> [Aim of the exercise]: From the line holding "Long hair fat" through the line holding "We offered him" below, write out every line exactly; include both of those lines and drop the pictures.

──────── Information given

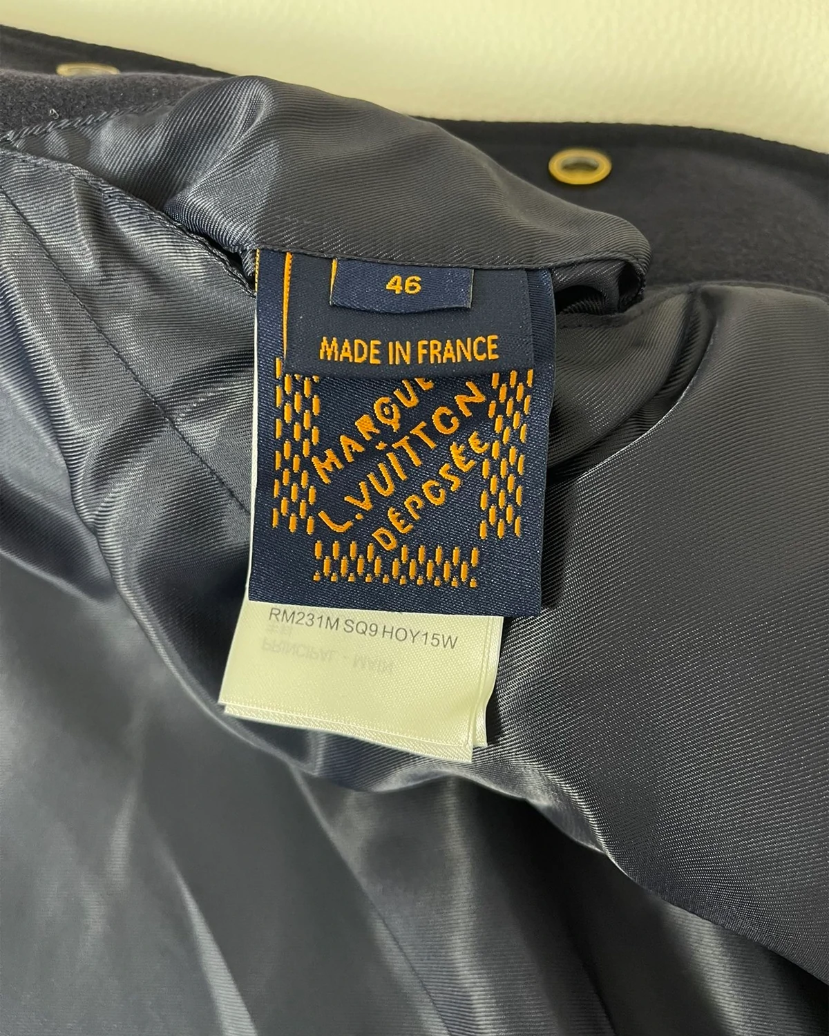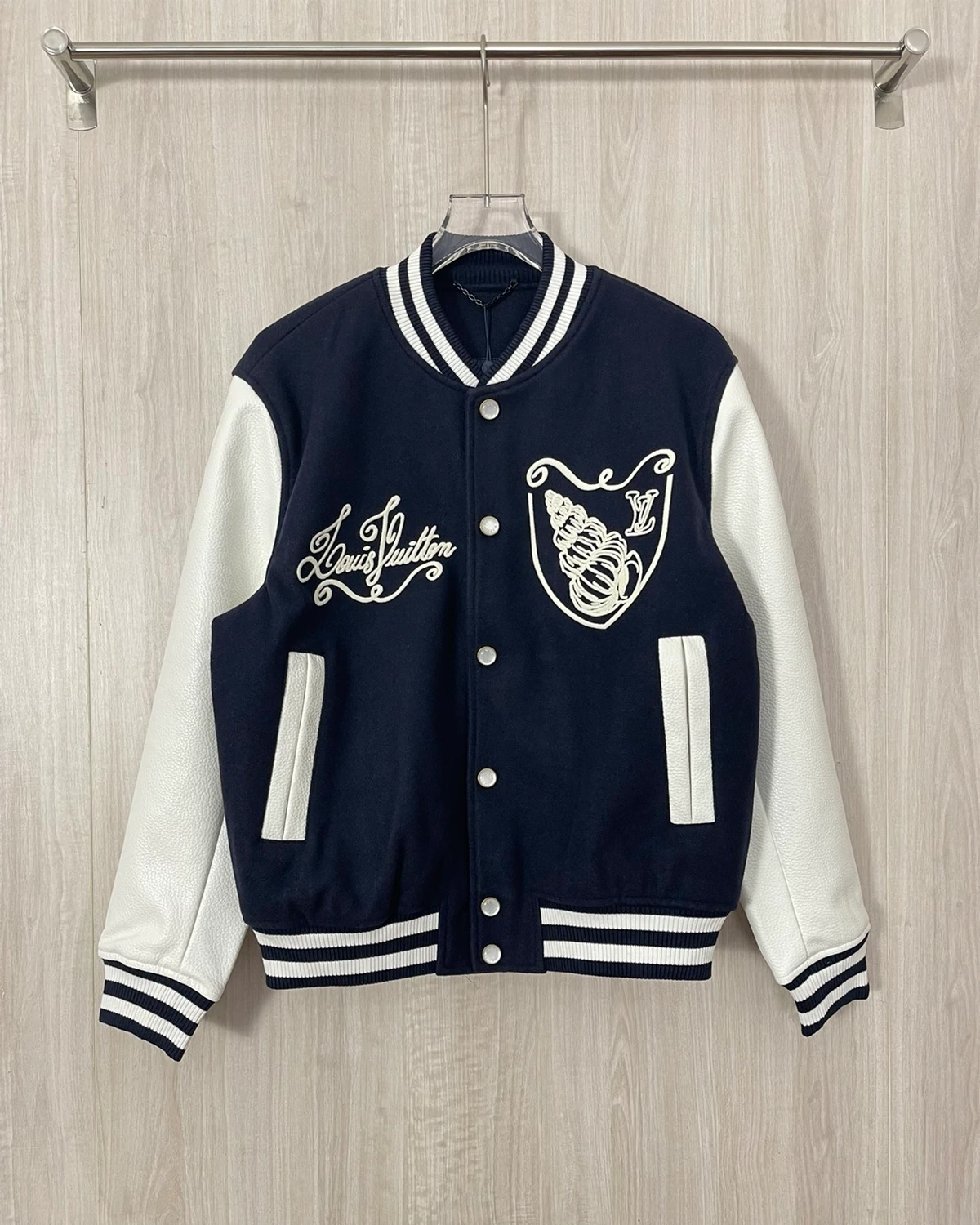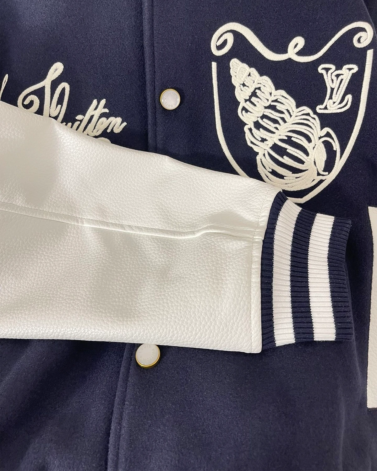 This elegant navy blue varsity jacket with white leather sleeves brings a maritime twist to an iconic silhouette. The compact wool body is adorned with contrasting Seashells embroidery, with a retro signature and a delicate shell motif on the chest, and a graphic resembling a sailor??s knot on the back. Pearl-effect snap buttons add a sophisticated twist to this casual yet distinguished piece.
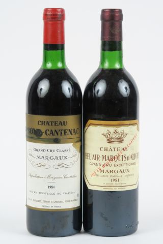 2 BOUTEILLES : 1 CHÂTEAU BOYD CANTENAC GCC MARGAUX 1984 LB - 1 CHÂTEAU BEL AIR MARQUIS D'ALIGRE GRAND CRU EXCEPTIONNEL MARGAUX 1981 LB
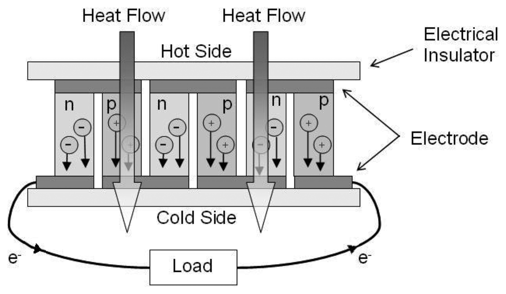 Modern thermoelectric devices use n- and p-type bismuth telluride semiconductors connected electrically in series and thermally in parallel. They have one end exposed to a heat source and the other to a cooler side in a configuration known as a thermocouple as depicted in Figure 11. The temperature difference across the semiconductors results in a flow of heat which involves the diffusion of charged carriers from the hot to cold side. The charge carriers in the n-type material have a negative charge producing a current from the cold to hot side whereas the carriers in the p-type material have a positive charge producing a current from the hot to cold side, with the total result of an electron current flowing clockwise around the circuit shown.
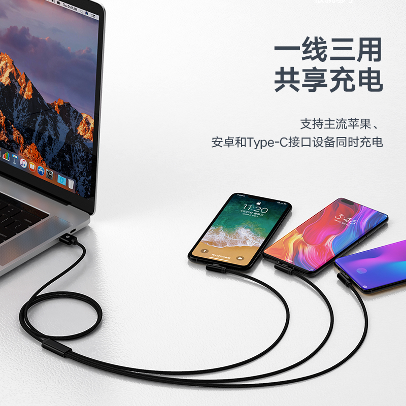 biaze data line three-in-one charge line one drag three 2 m 3 joints Quick-charging elbow mobile phone bulls apply Apple phone Huawei three-headed two-meter right angle Android 2m lengthened sum 3 all-in-one-Taoba
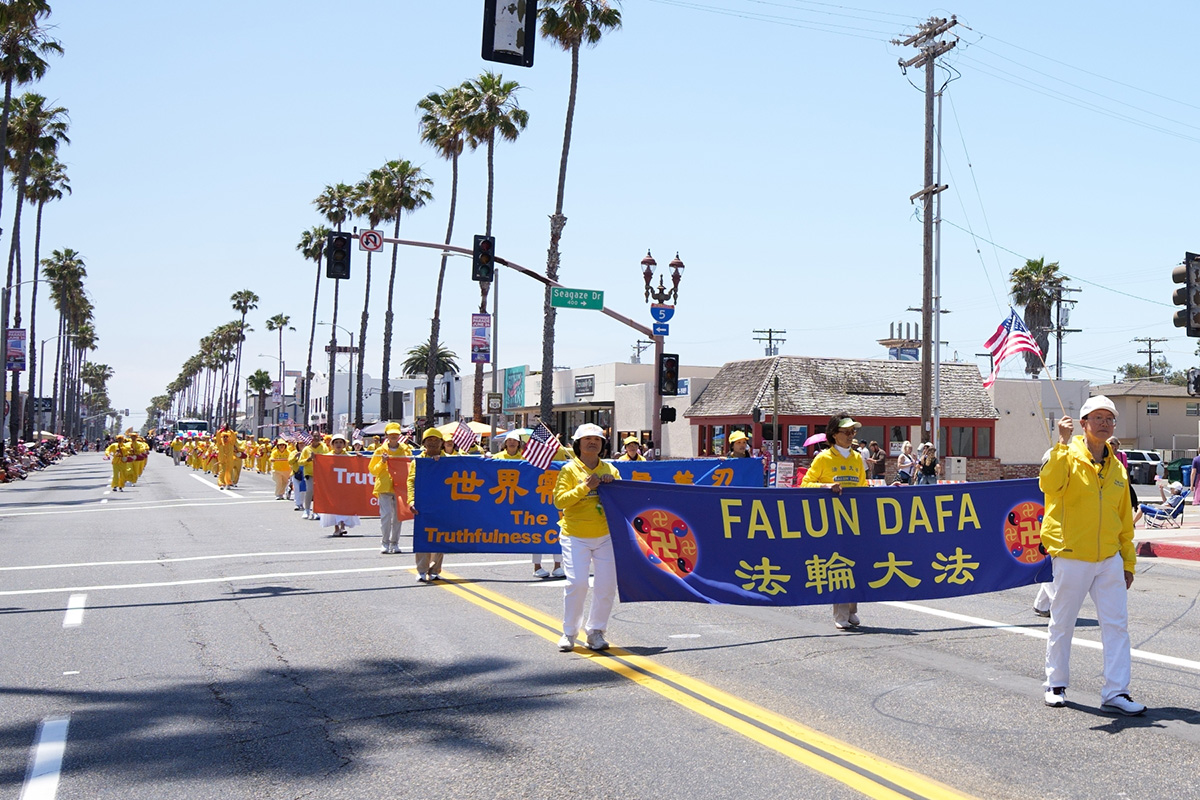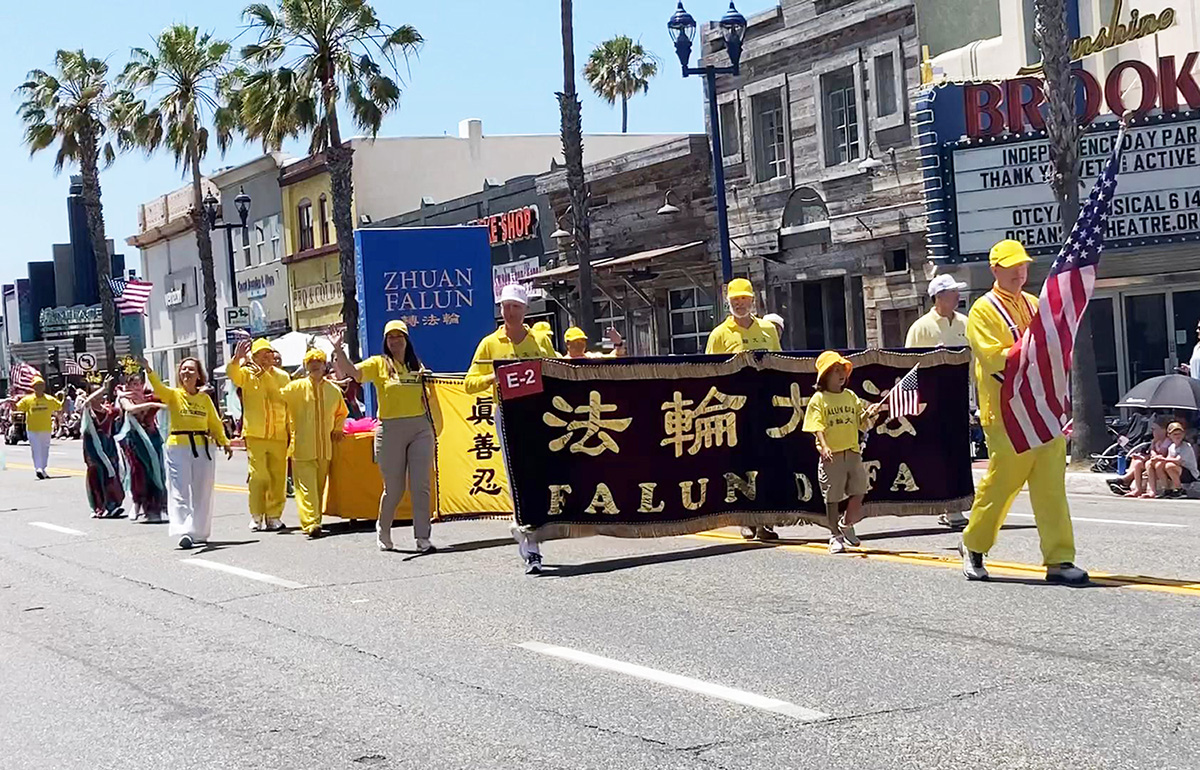 • 法轮功南加州海滨市独立日游行 传播美好信息
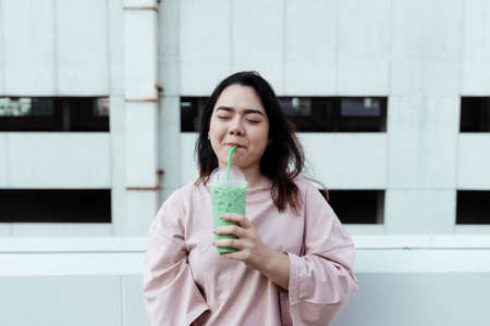 Long hair fat woman is over the moon with iced green tea in the city.
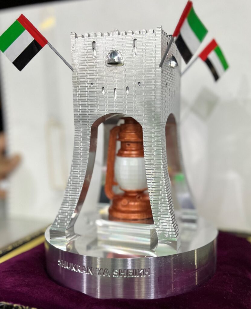 We offered him our well wishes and as a token of our appreciation, presented him with a replica of the famous monument of the lamp roundabout, which was machined out of aluminum block at our workshop.
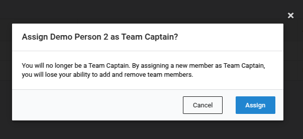 A team captain can also assign a new team captain. By doing so, the original captain will lose their ability to perform captain actions. The new team captain does not need to consent to this change and will have the ability to perform all captain actions thereafter.
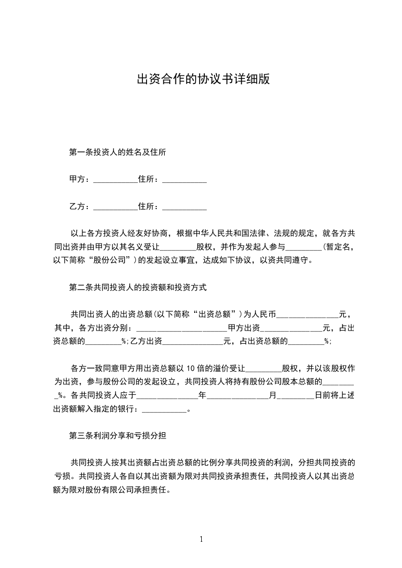 共同出资人的出资总额(以下简称“出资总额”)为人民币_______________元,其中,各方出资分别:______________________甲方出资_______________元,占出资总额的_________%;乙方出资_______________元,占出资总额的_________%;
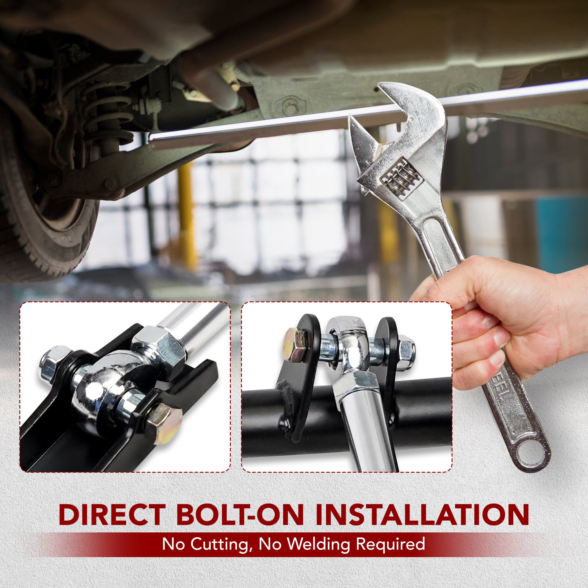 - Significantly increases stiffness and reduces body roll during aggressive cornering.
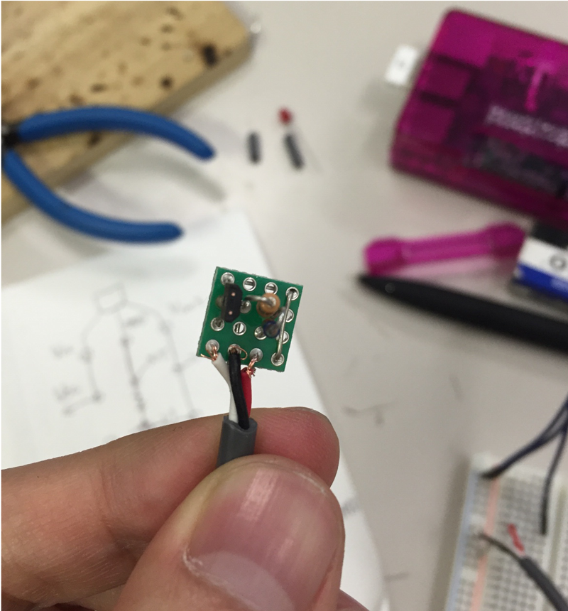 1枚目の写真が上記の回路図通りにセンサーの回路と延長用の三芯ロボットケーブルを16ホールユニバーサル基板に半田付けしたものです。
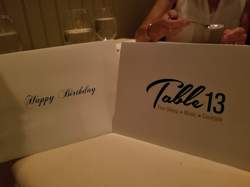 I dont do it on a regular basis but Im not a stranger to "fine dining". My family doesnt indulge often but when we do, we indulge. Table 13 was a first time experience with me getting to do something nice for my father for a change and it was just really important to me. Working the night shift and not being a constant patron of places of this level, I had to depend on the Google ratings and I could not have ended up happier. The restaurant was elegant without being ostentatious. The "Vegas" style mentioned was portrayed with enough class that the mark they aimed for, I felt, was struck. My father and stepmom were both very pleased with the food and overall ambiance (as was I) with it being dim but not "dark" and the piano being at a level that allowed pleasant conversation without leaning forward constantly. The food was excellent and had an "ownership" from the chef and his or her staff. The lobster bisque was different from most anywhere Ive ever had it and was also whipped in its creamy texture and just a few lovely bits of lobster to make it perfect. My filet was perfectly cooked (arrived a SHADE cool but hey it happens) and the lobster was great. My fathers Salmon was cooked perfectly and my stepmom enjoyed her meal thoroughly. Lastly the service was peerless. Im embarrassed to say I dont recall the gentlemans name that waited on us but I never looked up wishing I could find him NOR did he hover annoyingly. Having waited tables in my youth I can attest to the fact that this is a difficult balance to achieve and I hold no shame in saying I tipped him well for his trouble. In good part because he certainly never made me and my family FEEL like we were any trouble to him as so many manage to do in dining these days. All in, Table 13 provided an excellent Fathers Day experience for me and my family and there is nothing more important to me. Ergo they have my thanks and will certainly have my business again when we choose to indulge.
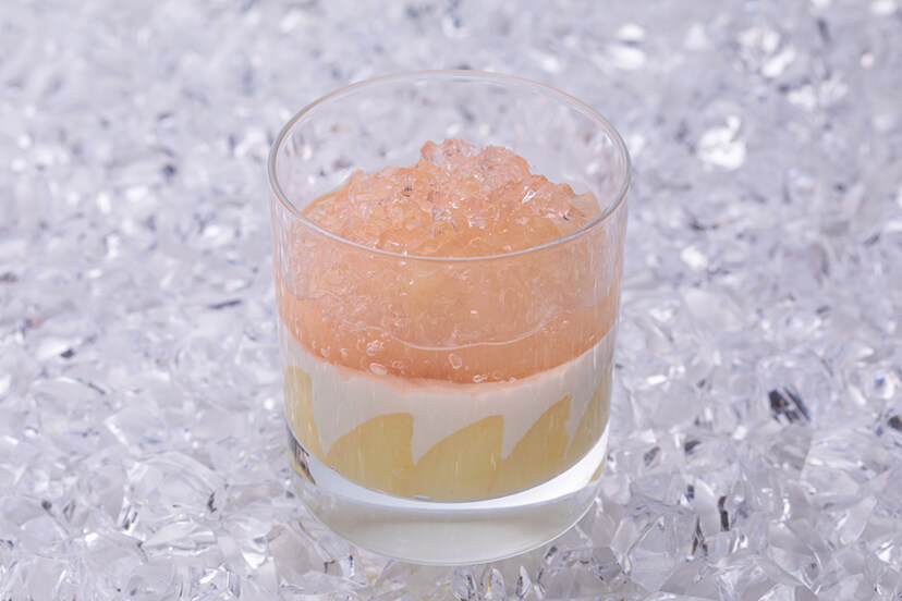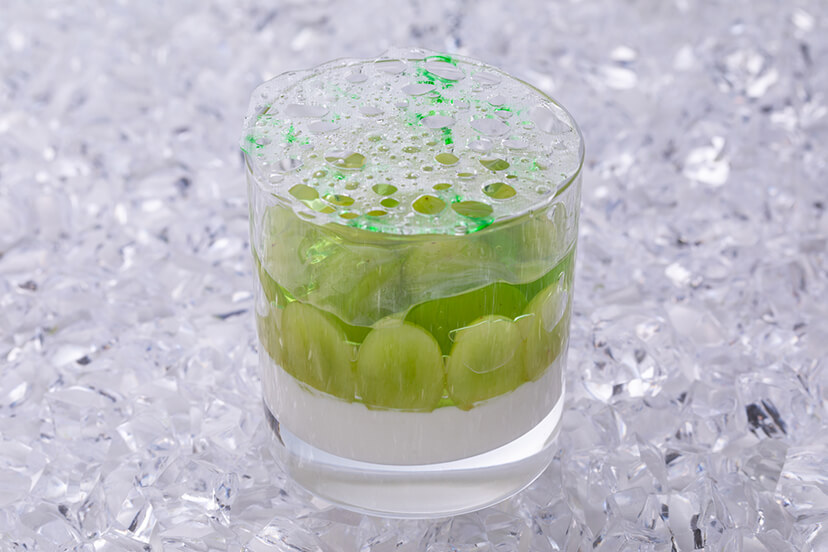 ブランマンジェとシャインマスカットの上にアイスワインのジュレをのせています。 ブランマンジェの香りがシャインマスカットの甘みとマッチする大人の味わい。 上にのせた美しい飴細工とともにお召し上がりください。
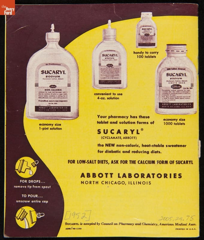 Artificial sweeteners provide dieters and people with diabetes or other metabolic disorders with a sugar substitute. Sucaryl, a cyclamate-based sweetener, was first marketed to the public in 1951. Though Sucaryl promised sweet-tasting foods without adding calories, links to possible increased cancers risks spurred the Food and Drug Administration to ban cyclamates in 1969.

────────────────

> [Solution for this task]:
 Long hair fat woman is over the moon with iced green tea in the city.
 We offered him our well wishes and as a token of our appreciation, presented him with a replica of the famous monument of the lamp roundabout, which was machined out of aluminum block at our workshop.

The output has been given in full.